A developmental perspective on humanoid skill learning using a hierarchical SOM-based encoding

Hand-coding is an impractical approach to developing motion repertoires for humanoid robots, requiring both task and programming expertise. Physical demonstration of skills, on the other hand, is an approach with which humans are both competent and familiar. When following a programming-by-demonstration approach, the adaptiveness of a robot can be further increased by giving it the ability to compose novel skills from skills already acquired from demonstration. We have previously presented [1] an extension to the Piaget-inspired Constructivist Learning Architecture [2], featuring a hierarchical SOM-based algorithm that encodes skills as a hierarchy of fixed-length subsequences.

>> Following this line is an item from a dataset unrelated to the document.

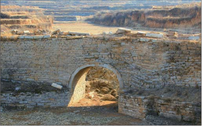
由于跨度大、质量一般以及超负荷使用,胡林大石桥变成危桥而退役。

At the core of the extended algorithm lies a novel principle for comparing long-term memory and short-term memory, represented as connection weights and decaying node activation values, respectively. In this article, we present an in-depth analysis of how this comparison, can provide a robot control algorithm that is both state-sensitive and goal oriented. We present results from experiments using an abstract chain walk problem that includes hidden states, to demonstrate how the algorithm disambiguates states and selects actions yielding higher rewards. Furthermore, we present results from an experiment where we use programming-by-demonstration to encode and reproduce a figure-8 gesture with a Nao humanoid robot. The results show that our algorithm is capable of identifying hidden states in both real and abstract problem domains.